Ктитор начал с поклонами приглашать гостей за стол. Под иконы, на почетное место, был посажен архимандрит, затем стали размещаться прочие; некоторые уступали один другому место. Наконец все уселись.
Сначала молча принялись за еду, но скоро языки стали развязываться.
— Ну, отец дьякон, уж одолжил многолетием, что и говорить, мастер! — проговорил Ефимий Васильевич.
Отец дьякон самодовольно поглаживал бороду и что–то скромно пробормотал; при архимандрите ему неприлично было разглагольствовать.
— Молодец, хоть в Москву, — похвалил отец протопоп.
— А хороши это у вас новые ризы, Ефимий Васильевич, — сказал архимандрит, — где вы их достали? В Ельце нигде таковых нет.
Все стали наперерыв превозносить ризы. Ефимий Васильевич растаял совсем от таких похвал.

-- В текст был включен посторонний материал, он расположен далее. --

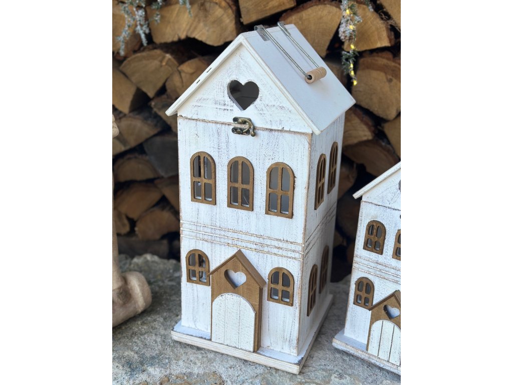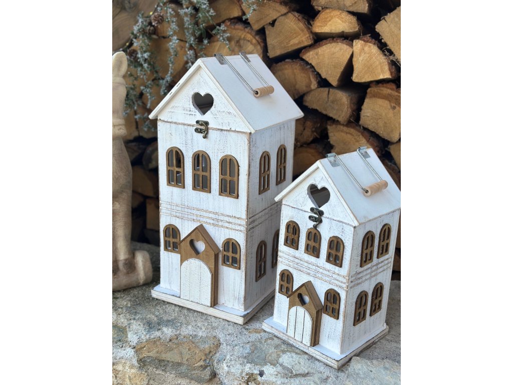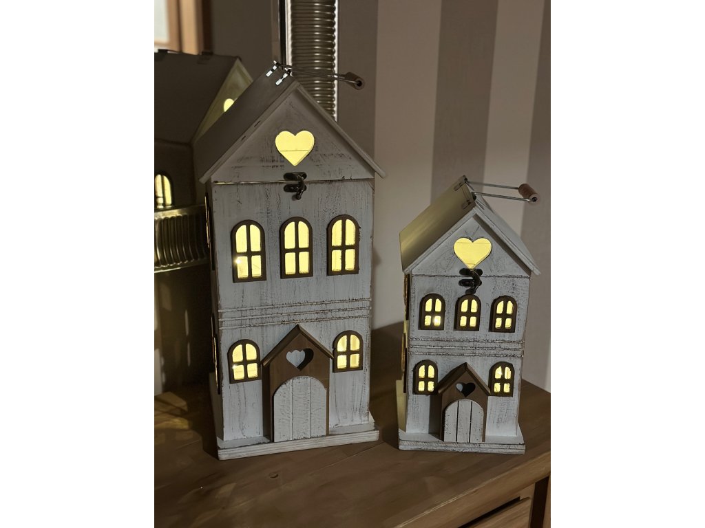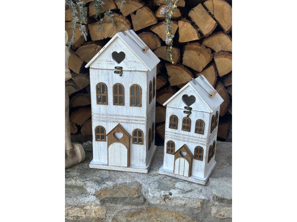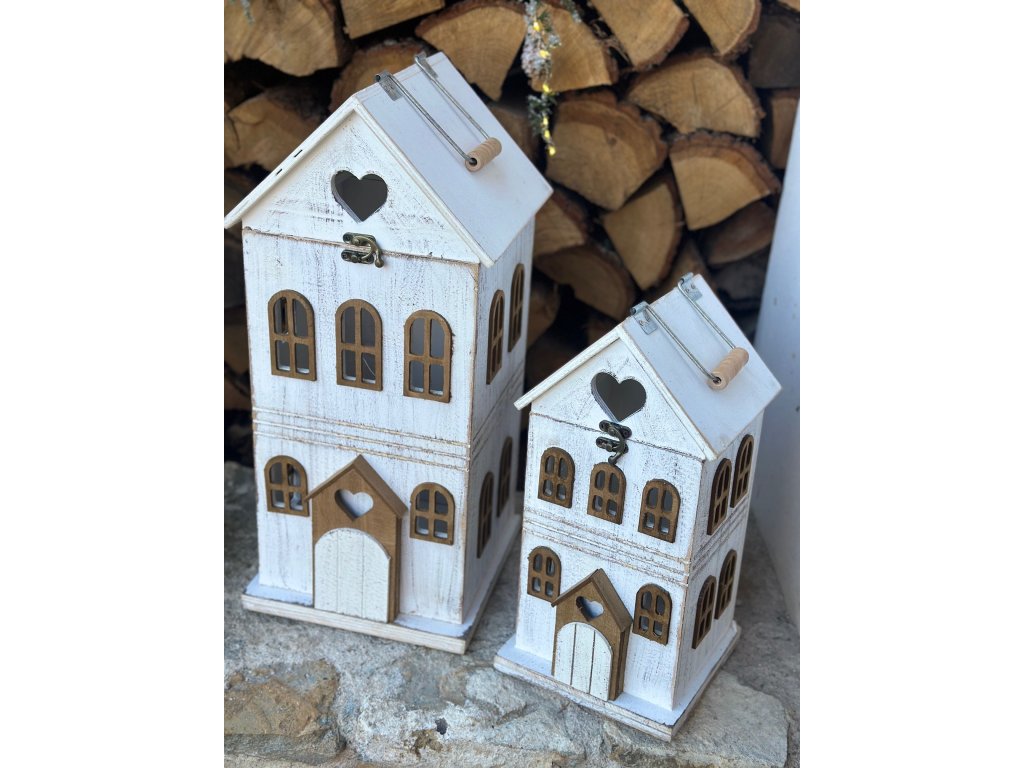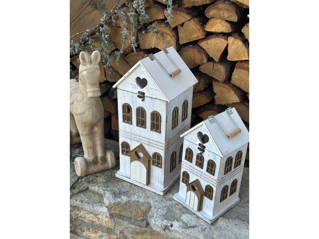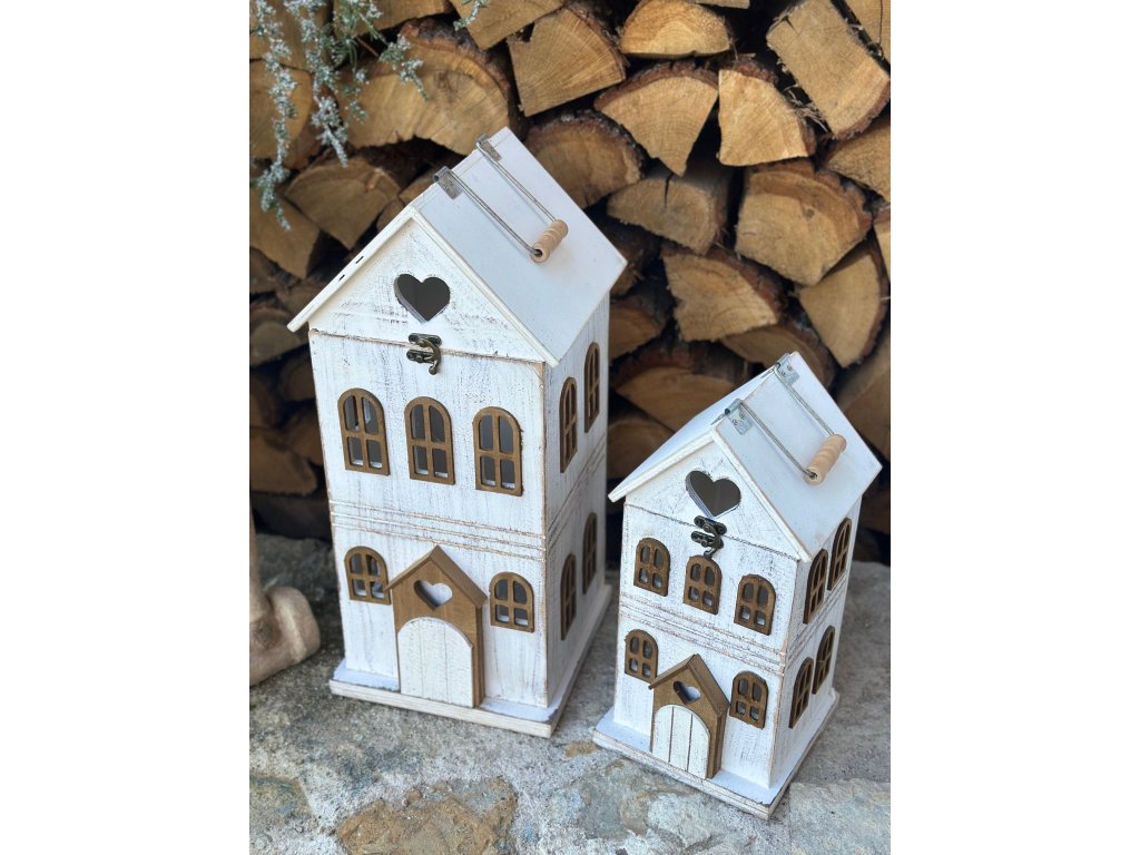 Okouzlující celoroční domečkové lucerny vnesou útulnou atmosféru do každého domova. Mohou být umístěny v interiéru nebo krytém exteriéru (mimo déšť). Aby vydržely co nejdéle tak doporučuji venku nechávat jen po určitou dobu, např. na sezónu Vánoc. Lucerny jsou opatřeny led světýlky uvnitř luceren, tudíž budou krásné i v podzimním a zimním období. Sada obsahuje 1 ks malé a 1 ks velké lucerny. Rozměry: Malá 34 cm x 17 cm a velká: 48 cm x 22 cm.

— Это тайком, отец архимандрит, в Тану привез один фрязин за очень хорошую цену из Царьграда. Ведь дело такое, что из Царьграда ничего шелкового и парчового нельзя вывозить.
— Вот как! Отчего это?
— Для того, чтобы византийским вельможам дешевле было рядиться, — угрюмо произнес отец Арсений, сверкнув глазами.
Все посмотрели в его сторону.
— Полно, полно, отец Арсений, — снисходительно заметил архимандрит. — На мирном сем празднике смири мятежный дух твой.
— Отец Арсений все сердится; вот отец Стефан незлобивый; скажи, отчего запрещен вывоз шелку из Царьграда?
— Да отчего же не верить отцу Арсению, он правду говорит. У наших вельмож осталось одно удовольствие — одеваться. Да к тому же, это запрещение удаль развивает, потому что много есть охотников провозить запрещенный товар, — вот тут–то смелость и ловкость развивается.
— Отец Стефан все шутит, — весело заметил хозяин.
— Не подобает монаху шутить, — заметил отец Софроний.
— Нет! Отчего не подобает? Шучу оттого, что дух безмятежен.
Между тем хозяин обильно подливал разные напитки, особенно всех интересовала мальвазия, так как многие ее от роду не пивали. Гости пили ее, нахваливали, а вместе с тем веселели. В комнате поднимался невообразимый говор: говорили все и никто друг друга не слушал. Понемногу стали разбиваться на группы. В одном месте собрались архимандрит, отец Софроний, отец Арсений, сотник Корка, порядком подвыпивший, и елецкий благочинный. В этой группе раздавался резкий голос отца Арсения.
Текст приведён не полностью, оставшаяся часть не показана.